Reducing food waste would also help improve food security, address climate change, save money and lower pressures on the environment  

By DTE Staff
Published: Thursday 04 March 2021
Photo: Wikimedia Commons
Photo: Wikimedia Commons Photo: Wikimedia Commons

The Food Waste Index Report 2021 released March 4, 2021 has revealed that 17 per cent of all food available at consumer levels was wasted in 2019. That year, some 690 million people had to go hungry.

The food waste amounted to a whopping 931 million tonnes of food sold to households, retailers and restaurants. Around 23 million 40-tonne trucks would be needed to transport this waste and if they stood bumper to bumper, they would circle the Earth seven times.

Contrary to belief, the study by the United Nations Environment Programme (UNEP) revealed that food waste was a global problem and not that of just the developed world. The data, though scarce, revealed that food waste was substantial, regardless of income level.

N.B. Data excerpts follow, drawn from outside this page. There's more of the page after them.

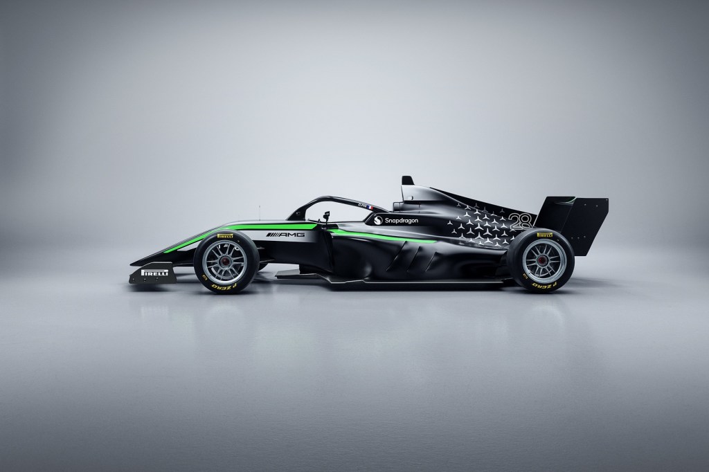 Added to this is the team’s volt green, demarking Pin’s place in the junior programme, with Qualcomm Technologies, Inc, senior partner of the Mercedes-AMG F1 Academy entry, represented by the Snapdragon brand.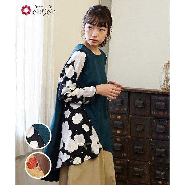 レディース ワンピース 注文後の変更キャンセル返品 半袖 華やか和柄のポイントパッチワーク ロング丈のボックスワンピース アジアンファッション エスニックファッション ロングワンピース n marai チュニック ドレス ゆったり 春物 コットン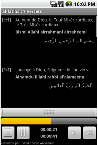 Mais aussi un système audio pour des récitation en arabe (Sheikh Sa’ad Al-Ghamdi, Sheikh Abdul Rahman Al-Sudais, Sheikh Sa’ud Ash-Shuraim, Sheikh Ali Al-Hudhaifi, Qari Abdul Basit).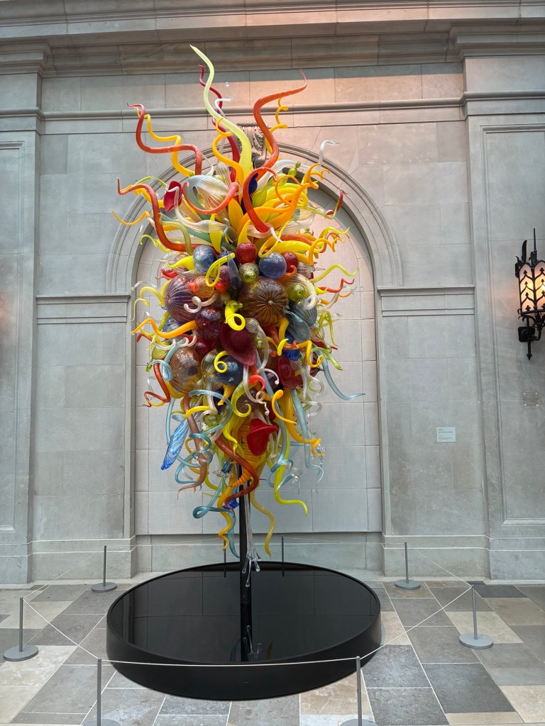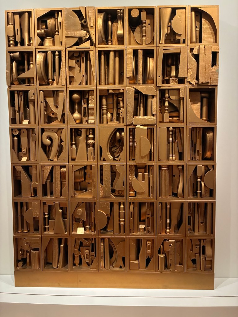 Terrie and I were cooks for breakfast and we prepared bacon and eggs, since we weren’t in any rush to take off. Normally it’s a cold breakfast- yoghurt, cereal, bananas, bagels, etc, but we had more time this morning. The rain let up while we were eating, but started again around 9 and kept going all day. We took the van into Columbus Ohio to see the sites, a good way to spend a rainy day! We all split up doing various things. First to REI to get stuff- bikers love getting stuff. I wanted to replace my headlight as the battery was wearing out, and replace some water bottles that started to have strange mold like things growing in it. Then several of us were dropped off at the Columbus Museum of Art. A great exposition of artwork by Louise Nevelson.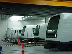 Було замовлено та введено в експлуатацію 34 трьохвагонні потяги[24] (з них на маршрутах, в робочій зоні, знаходиться не менше 18[25]). Довжина такого потяга 39 метрів, ширина — 2,65 м. Потяг створений під стандартну ширину колії в 1,435 м. Висота підлоги над рейкою становить 0,85 м, що збігається з висотою платформи (завдяки чому, люди в інвалідних візках або з возиком або велосипедом можуть потрапити у вагон без сторонньої допомоги). Корисне навантаження потяга становить 52 тонни. Максимальна швидкість, яку може розвинути — 80 кілометрів на годину (максимальне прискорення — 1,3 м/с ²). Середня швидкість з урахуванням зупинок — 40 км\г. Мінімальний допустимий часовий інтервал між потягами — 90 секунд.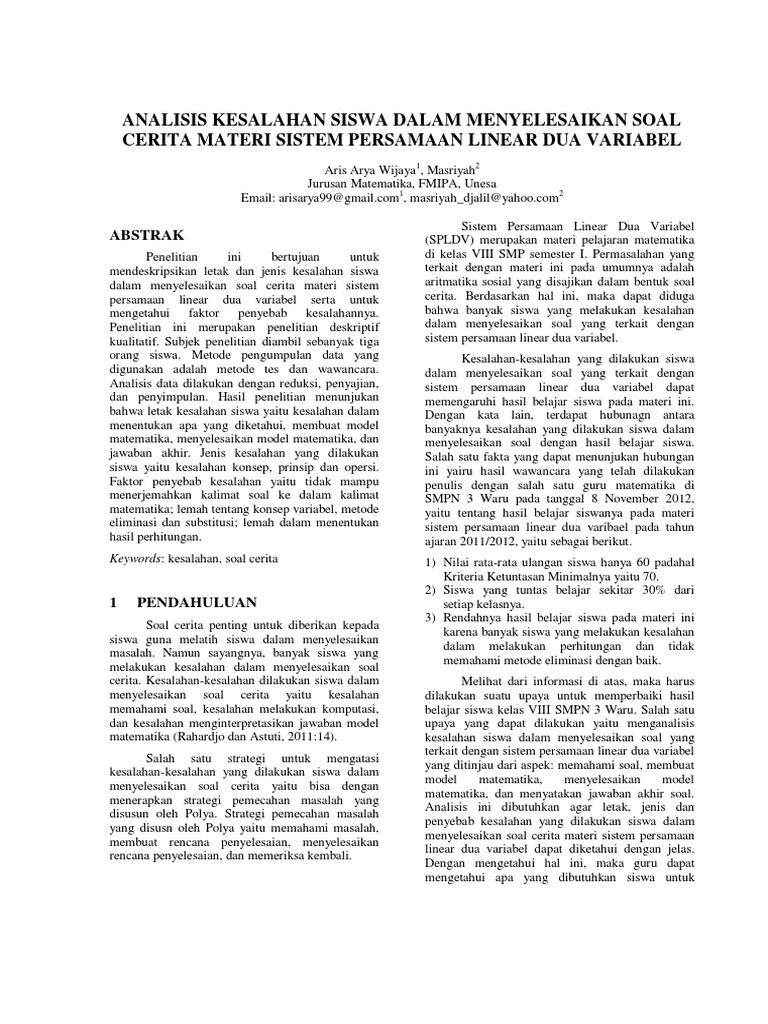 Analisis Kemampuan Berpikir Reflektif Dalam Menyelesaikan Soal Cerita Matematika Subpokok Bahasan Sistem Persamaan Linear Dua Variabel Siswa Kelas X Pembangkit Listrik Pbl Smk Negeri 2 Jember from data03.123dok.com Dalam beberapa contoh soal nantinya, terdapat soal berupa alur cerita yang menuntut kita harus dapat memodelkan soal cerita tersebut dalam bentuk persamaan linear. Perhatikan dan pelajari pembahasan sistem persamaan linear dua variabel (spldv) soal cerita yang berikut. Untuk menyelesaikan soal cerita program linear, dibutuhkan kemampuan analisis yang lebih tinggi dibanding soal program linear yang biasa.
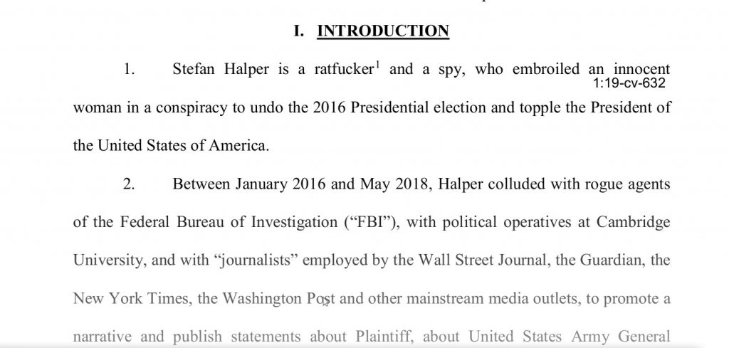 This is from the footnotes in the suit. I guess a Ratfucker is always a Ratfucker in English or Russian. Too bad Stefan Halper will never be introduced on any news program as “The Ratfucker Stefan Halper.”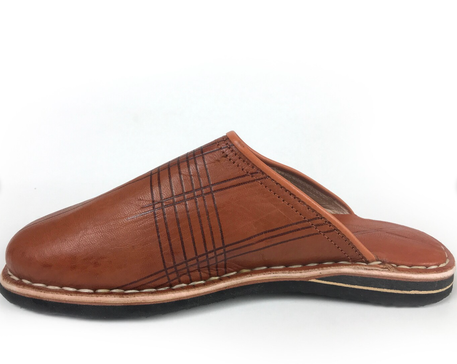 Brown Comfortable Sabot Moroccan Handmade Slippers, Men Leather Babouche, Moroccan Shoes, Natural leather Blue, Men slippers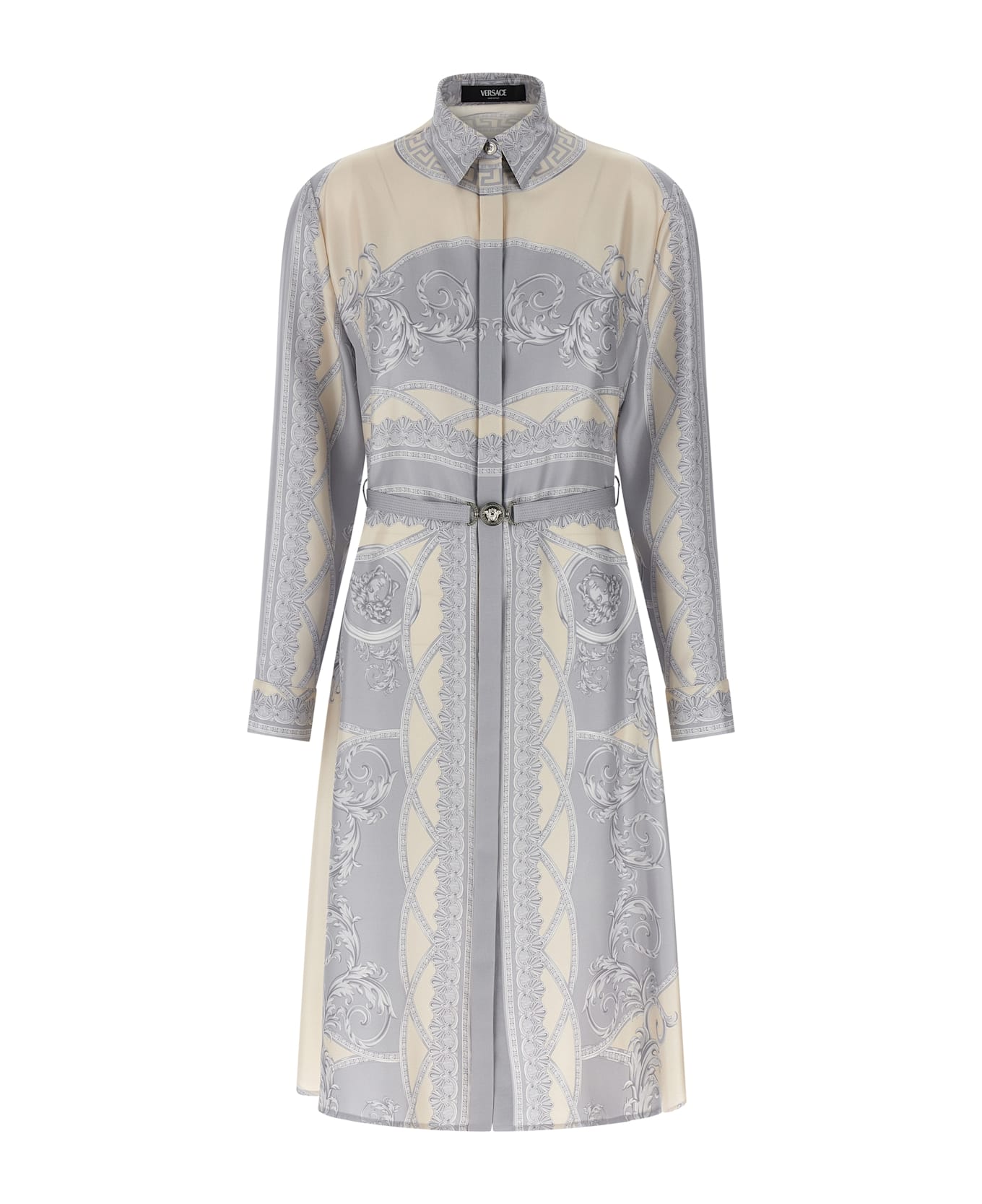 'La Coupe des Dieux' print silk twill dress, chemisier model, button closure, long sleeves with cuffs, pockets, elastic belt with removable metal buckle. Composition: 100% silk

Data on all three areas of food waste, namely household, food service and retail was available only for high income countries. The index was prepared by using data from 54 countries and then extrapolated to the remaining countries. Waste at household, food service and retail amounted to 79, 26 and 13 kilogram /capita / year respectively. 

The document noted that on an average, 74 kilograms of food was wasted per capita at the household level. Some countries like Austria and South Africa  produce very low amounts of waste at 39 kg / capita / year and 40 kg / capita / year respectively.

On the other hand, countries like Nigeria and Rwanda are producing waste at 189 kg / capita / year and 164 kg / capita / year respectively. For India, the waste in kg / capita / year was 50. However, this estimation is based on only three studies, all of which had a sample size or length that was either small or unclear.

“For a long time, it was assumed that food waste in the home was a significant problem only in developed countries,” said Marcus Gover, chief exceutive of WRAP, a UK-based non-profit that worked with UNEP to develop the index.

“With the publication of the Food Waste Index report, we see that things are not so clear cut. With only nine years to go, we will not achieve the Sustable Development Goal (SDG) 12 Target 3 if we do not significantly increase investment in tackling food waste in the home globally.”

Food waste also has a substantial environmental, social and economic impact. For example, 8-10 per cent of global greenhouse gas emissions are associated with food that is not consumed.

“Reducing food waste would cut greenhouse gas emissions, slow the destruction of nature through land conversion and pollution, enhance the availability of food and thus reduce hunger and save money at a time of global recession,” Inger Andersen, executive director of UNEP, said.

As of now, none of the Nationally Determined Contributions (NDCs) to the Paris Agreement mention food waste and only 11 mention food loss. Countries can raise climate ambition by including food systems in their NDCs.

“If we want to get serious about tackling climate change, nature and biodiversity loss and pollution and waste, businesses, governments and citizens around the world have to do their part to reduce food waste. The UN Food Systems Summit this year will provide an opportunity to launch bold new actions to tackle food waste globally,” Andersen said.

Food loss and waste causes about $940 billion per year in economic losses. Reductions can save money for farmers, companies, and households.

SDG target 12.3 aims at halving per-capita global food waste at the retail and consumer levels and reducing food losses along production and supply chains.